▶ **INFORMATION SUPPLIED**:
· · · · · · ·
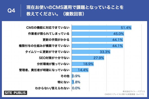 「Q4.現在お使いのCMS運用で課題となっていることを教えてください。(複数回答)」(n=111)と質問したところ、「CMSの機能に対応できていない」が51.4%、「作業者が限られてしまっている」が45.0%、「更新の手間がかかる」が44.1%という回答となりました。
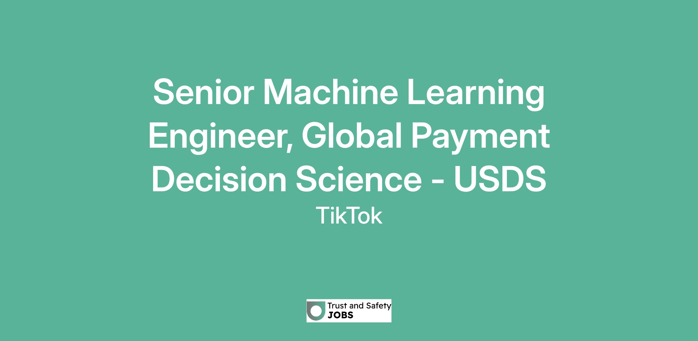 Senior Machine Learning Engineer, Global Payment Decision Science - USDS
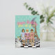 Die lustige und funky modifizierte Kunstvignette umfasst ein Trio von Schülerinnen mit Vintagem Foto, eine Ente mit Krone, den Eiffelturm, einen Halbmond und "Happy Birthday von uns allen" in Rosa und Gelb Neontext
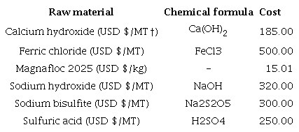 Table 9 breaks down the annual costs for the consumption of raw materials in the proposed wastewater treatment plant.
· · · · · · ·
▶ **TASK**: Leaving the pictures out, output all of the listing exactly.

▶ **RESULT OF THE EXERCISE**:
 「Q4.現在お使いのCMS運用で課題となっていることを教えてください。(複数回答)」(n=111)と質問したところ、「CMSの機能に対応できていない」が51.4%、「作業者が限られてしまっている」が45.0%、「更新の手間がかかる」が44.1%という回答となりました。
 Senior Machine Learning Engineer, Global Payment Decision Science - USDS
 Die lustige und funky modifizierte Kunstvignette umfasst ein Trio von Schülerinnen mit Vintagem Foto, eine Ente mit Krone, den Eiffelturm, einen Halbmond und "Happy Birthday von uns allen" in Rosa und Gelb Neontext
 Table 9 breaks down the annual costs for the consumption of raw materials in the proposed wastewater treatment plant.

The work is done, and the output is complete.